Carnegie Mellon has this amazing reputation in the AI world. It's arguably second to none. There are a few university campuses that seem to really... there's Toronto and MIT, and in Carnegie Mellon's case, how did AI become such a central focus?
Norman Sadeh: Well, this is one of the birthplaces of AI, and so the people who founded our computer science department included Herbert Simon and Allen Newell who are viewed as two of the four founders of AI. And so they contributed to the early research in that space. They helped frame many of the problems that people are still working on today, and they helped recruit also many more faculty over the years that have contributed to making Carnegie Mellon as the place that many people refer to as being the number one place in AI here in the US.
Not to say that there are not other many good places out there, but CMU is clearly a place where a lot of the leading research has been conducted over the years, whether you are looking at autonomous vehicles – for instance, I remember when I came here to do my PhD back in 1997, there was research going on autonomous vehicles. Obviously the vehicles were a lot clumsier than they are today, not moving quite as fast, but there's a very, very long history of AI research, here at Carnegie Mellon. The same is true for language technology, the same is true for robotics, you name it. There are lots and lots of people here who are doing truly amazing things.
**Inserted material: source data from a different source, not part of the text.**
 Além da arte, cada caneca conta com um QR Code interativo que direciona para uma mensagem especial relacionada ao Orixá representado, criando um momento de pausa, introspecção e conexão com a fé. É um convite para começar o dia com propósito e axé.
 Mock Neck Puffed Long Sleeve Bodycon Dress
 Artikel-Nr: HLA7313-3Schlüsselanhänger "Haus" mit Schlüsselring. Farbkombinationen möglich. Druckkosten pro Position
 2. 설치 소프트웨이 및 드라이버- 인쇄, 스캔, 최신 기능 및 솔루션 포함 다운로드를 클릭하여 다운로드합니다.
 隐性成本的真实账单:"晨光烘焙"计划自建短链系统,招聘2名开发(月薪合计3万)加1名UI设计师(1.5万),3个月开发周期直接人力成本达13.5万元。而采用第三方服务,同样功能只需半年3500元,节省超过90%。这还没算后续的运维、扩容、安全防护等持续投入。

When I stop and think about [how] 99.9% of the money spent in AI is for so-called Narrow AI—trying to solve a specific problem often using machine learning. But the thing that gets written about and is shown in science fiction is ‘general intelligence’ which is a much more problematic topic. And when I stop to think about who's actually working on general intelligence, I don't actually get too many names. There's OpenAI, Google, but I often hear you guys mentioned: Carnegie Mellon. Would you say there are people in a serious way thinking about how do you solve for general intelligence?
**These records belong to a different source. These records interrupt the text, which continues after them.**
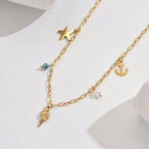 18K Gold Filled Nautical Charm Necklace – Starfish, Shell & Anchor
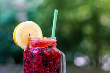 AI Generated. Refreshing summer beverage in glass jar with sunlit background
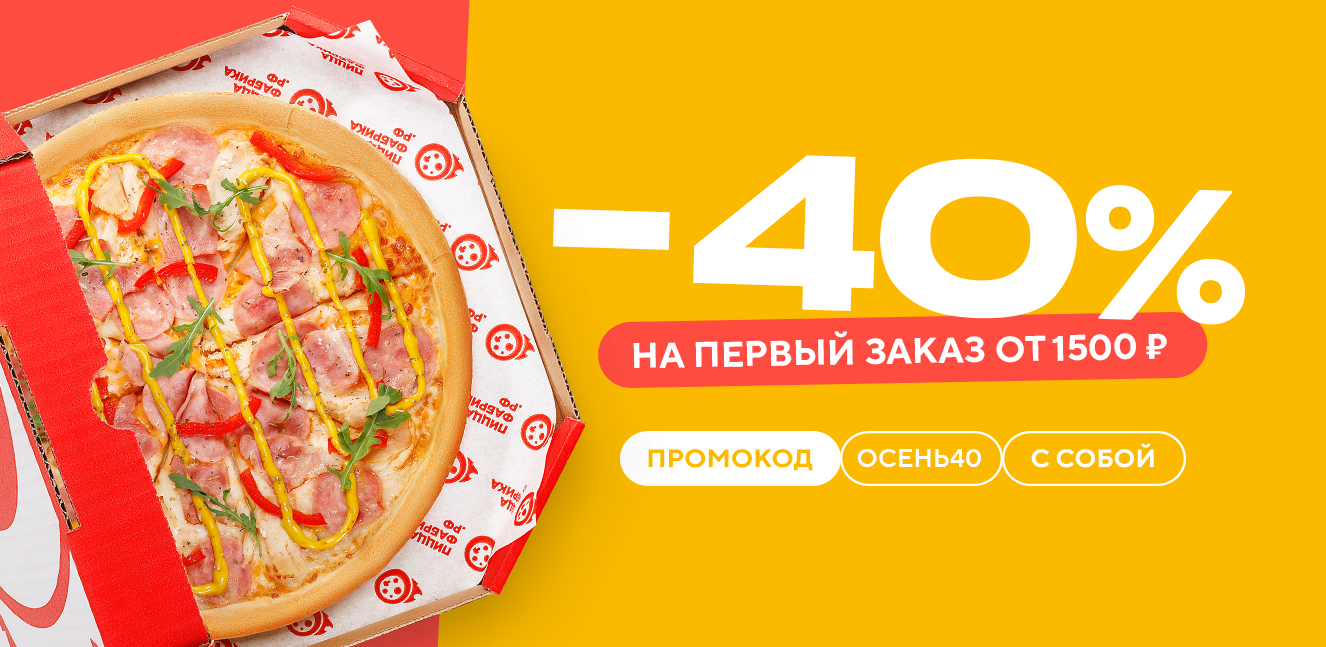 Для участия в акции оформите первый единовременный заказ на самовынос, до оформления заказа введите в корзине или назовите оператору/кассиру промокод ОСЕНЬ40 и получите скидку 40% при минимальной сумме заказа от 1500 рублей.
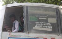 Damaged window pane of a BMTC bus, working as natural air conditioner, being driven in this hot sun at Queens Road, in Bengaluru on Thursday 13th April 2017

Absolutely. And so going back to our founders again, Allen Newell was one of the first people to develop what you referred to as a general theory of cognition, and obviously that theory has evolved quite a bit, and it didn't include anything like neural networks. But there's been a long history of efforts on working on general AI here at CMU.
And you're completely true, that as an applied [science] university also, we've learned that just working on these long-term goals is not necessarily the easiest way to secure funding, and that it really pays to also have shorter term objectives along the way, things that can solve the accomplishments that can help motivate more funding coming your way. And so, it is absolutely correct that many of the AI efforts that you're going to find, and that's also true at Carnegie Mellon, will be focused on more narrow types of problems, problems where we're likely to be able to make a difference in the short to mid-term, rather than just focusing on these longer and loftier goals of building general AI. But we do have a lot of researchers also working on this broader vision of general AI.
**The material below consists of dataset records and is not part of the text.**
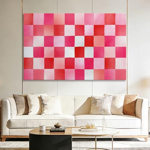 Tableau sur Toile Moderne 120L x 60l cm Aquarelle Géométrique Rose Carreaux avec Cadre, Peinture Murale Artistique Moderne pour Décoration Maison - Cadeau de Crémaillère Prêt à Poser
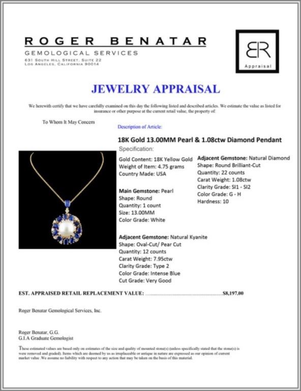 Regarding Appraised Jewelry and Loose Stones - Auctionfarm sends them out to a third party for Retail Replacement Value Appraisals, which are the most common. These types of evaluations are written for insurance needs. This would be the cost to replace the jewelry with an item of equal quality and kind, considered to be the current market price or the replacement value. This type of appraisal is done to protect you in the event of damage or loss of a valuable item. Our appraisals are conducted by independent 3rd Party appraisal firms that utilizes Certified GIA Gemologist. Appraisals should be used for verification of gemstone and/or metal weight, size, and grade only, not actual value. Appraisal value should be considered for insurance purposes only, not actual value, as price varies greatly from retail locations thru out the world. Items should not be purchased with the expectation to resell for appraisal price, or for profit.
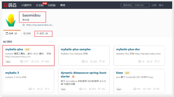 码云地址:baomidou: 苞米豆,为提高生产率而生!
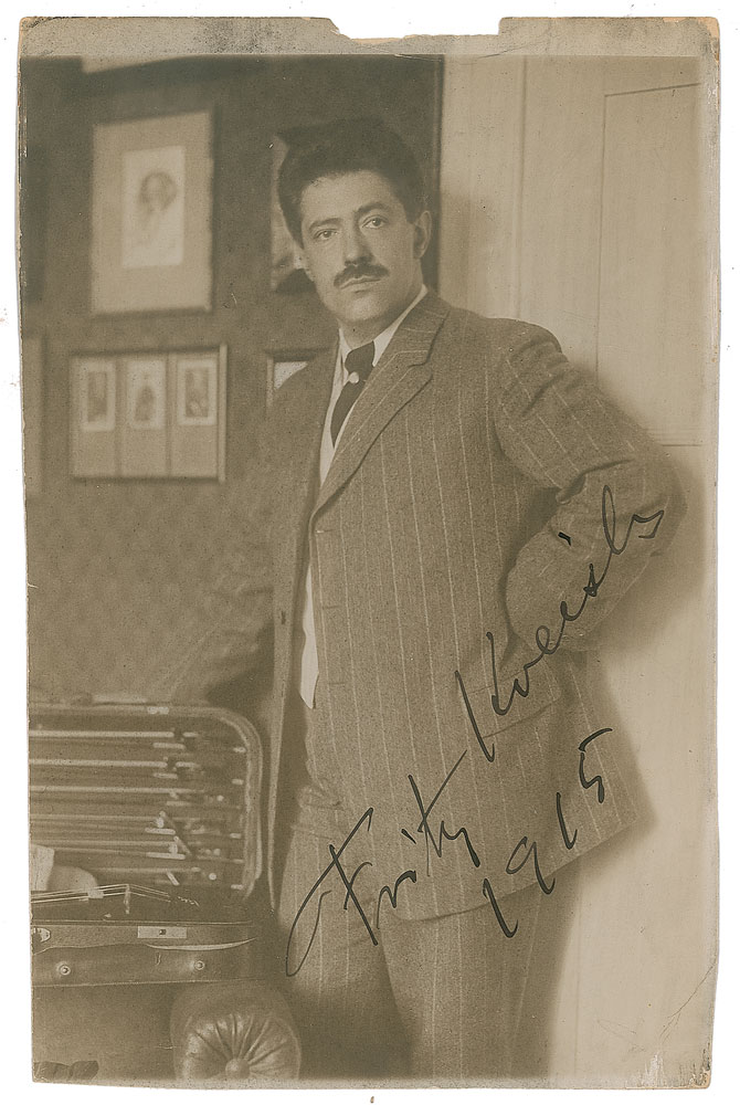 Austrian-born composer and violin virtuoso (1875-1962). Vintage matte-finish 4.25 x 6.5 photo of Kreisler with an open violin case to his side, signed in fountain pen, "Fritz Kreisler, 1915." In very good to fine condition, with trimmed edges, and edge loss to the top which could be matted out.

And if you were a betting man and somebody said ”Do you believe that general intelligence is kind of an evolutionary [thing]... that basically the techniques we have for Narrow AI, they're going to get better and better and better, and bigger datasets, and we're going to get smarter, and that it's gradually going to become a general intelligence?”
Or are you of the opinion that general intelligence is something completely different than what we're doing now—and what we're doing now is just like simulated intelligence—we just kind of fake it (because it's so narrow) into tasks? Do you think general AI is a completely different thing or it will gradually get to it with the techniques we have?
So AI has become such a broad field that it's very hard to answer this question in one sentence. You have techniques that have come out under the umbrella of AI that are highly specialized and that are not terribly likely, I believe, to contribute to a general theory of AI. And then you have I think, broader techniques that are more likely to contribute to developing this higher level of functionality that you might refer to as ‘general AI.’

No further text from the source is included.